Scuba of course makes his presence felt under his new minimal moniker SCB, and uses the delicate woodblock / chime rhythms of the original as splashes of colour on a dark technoid canvas. It's infectious and driving, building to a grinding dancefloor climax, without ever losing the delicacy of the original elements.

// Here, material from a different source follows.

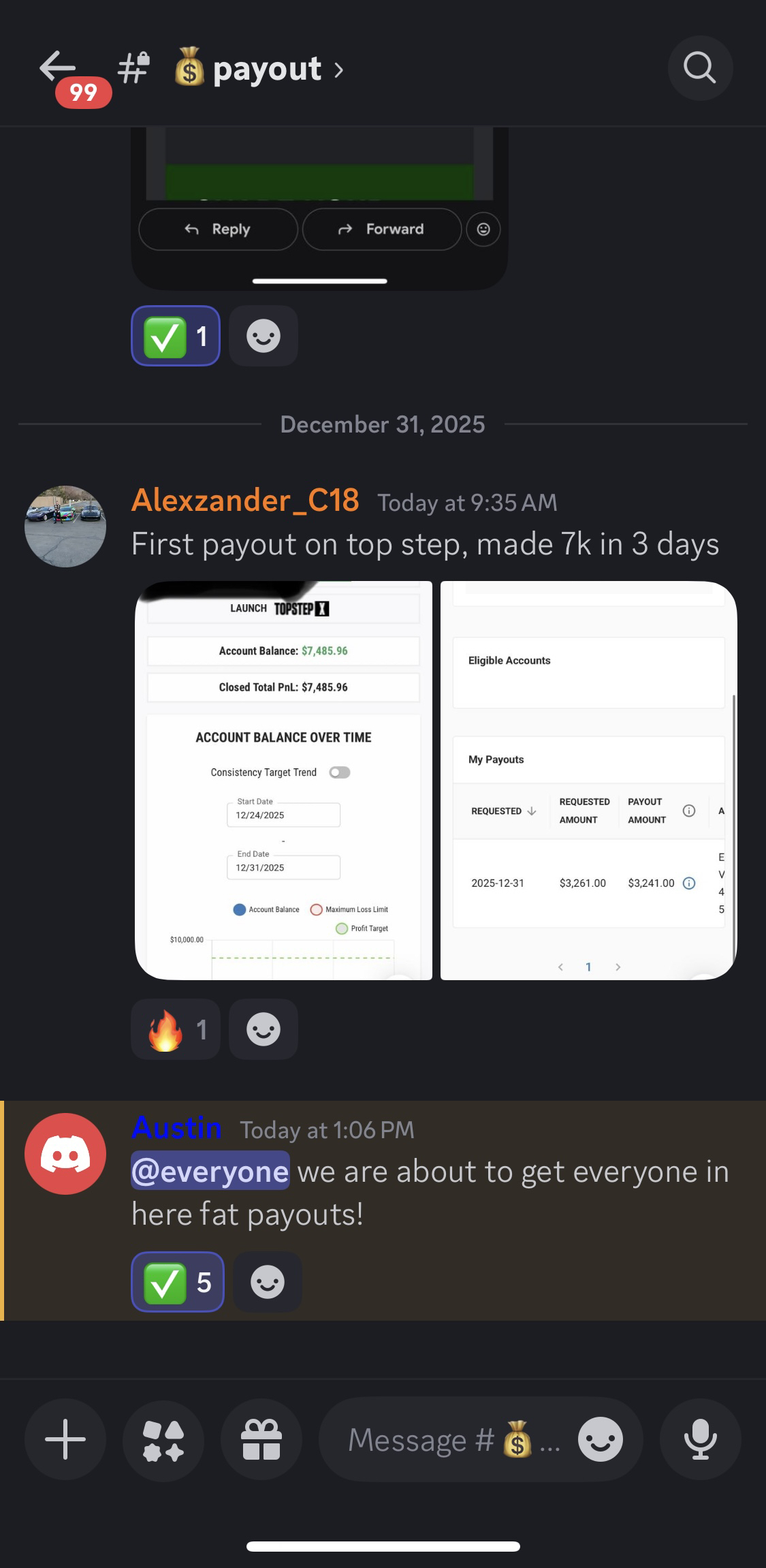 A student shared their first Topstep payout — a real example of what consistency can do.

Nico Purman - All That Glitters Aint Gold (Vakant) - Out April 26th
Limited, one-sided vinyl from one of Berlin's finest minimal dancefloor stables featuring nine minutes of brilliantly restrained cosmic disco. Applying Vakant's usual pallete of minimal clicks, fractured vocals and dubby ring-outs, Nico Purman injects a dose of disco groove, catchy claps and resonant guitar to create an absolute dancefloor killer. It's got all the weirdness you'd expect; strange, gargling vocal breakdowns, reductionist percussion and repetitive riffs, but it's impossibly danceable, with washes of guitar and synth injecting energy and groove. Admittedly, there's no awesome B-side to discover, but what's there is grade A material. Get some free Nico Purman here

Ramadanman - Ramadanman EP - Hessle Audio Out 05th April
Along with Hotflush and Werk, I think Hessle's got to be one of my favourite labels at the moment - Pangaea's EP was absolutely sublime, and Ramadanman's Humber 12" gets constant rinsage in DJ sets (awesome remix too). After the more surreal tones of James Blake's The Bells Sketch, head honcho Ramadanman returns to the fray with a much more dancefloor-friendly double pack EP. This really is bang for your buck; six tunes split over two vinyls, from off-beat two-step, to swung techno, to jungle-inflected dub. Opener I Beg You begins as gorgeous percussive dub, full of polyrhythms and Burial-esque mournful vocals, but builds into a stuttering breakbeat reminiscent of the current crop of rave revivalists. There's a similar rattling rimshot pattern permeating the soulful vocal samples of Don't Change For Me, and the whole EP sees Ramadanman blending hard-nosed percussion with dubby atmospherics in a way he's never quite managed before. The ubiquitous wobble bass is even handled well, providing welcome heaviness on No Swing, rather than steamrollering it's way into a drop. A very accomplished record, with plenty of useful moments.

Record shopping:
Traversable Wormhole vol.5 - TW05
If you've not caught any of this before now, Traversable Wormhole are just awesome: suitably anonymous, minimal and very, very dark techno. A heated fourway fisticuffs between Monolake / Dettman / T++ / Intelecto about who's got the bigger pair. I've just picked up the 5th release - Plain black packaging, lightly stencilled title, no side A or B except in the runout. This is exactly how I want my techno - you dig in boxes, you listen in shop and take it home that day, clutching at the bag feverishly, proud of the obscure gem only you in the whole world own. Well, truth be told, Traversable Wormhole isn't as anonymous as, say Seldom Felt (who performed in Ninja masks. Awesome.), and in the days of Boomkat and Rub-a-Dub online stores, crate digging's a lost art, but it still feels nice to encounter proper nameless brutality. Plus, clanking percussion, deep bass and heavy sounds have rarely been done so well.
Free Traversable Wormhole Mix

Low Limit VS Lando Kal - Golden Handshake - Numbers Guess what? Numbers' Record label is pretty damn good. Yeah, yeah, big surprise. I'll be honest, nothing on this EP quite hits me the way that Lazer Sword's Gucci Sweatshirt remix did, but it's an impressive piece of work nonetheless; crunked up, funky, synth-driven mayhem. It's pretty awesome. Blurring the lines between hip-hop, dubstep, garage and house, it's got something for every discerning DJ looking for a party tune to absolutely blow it out the water. What it says on the tin really.

More reviews soon.

1 comment:

  1. Golden handshake didn't blow my head off either when I first heard it, but I find myself coming back to it quite a lot when playing myself some records. I don't know if it's what I'd call a sure fire classic, but it is certainly deserving of a spot in a record bag. Goes well with plant food, I imagine.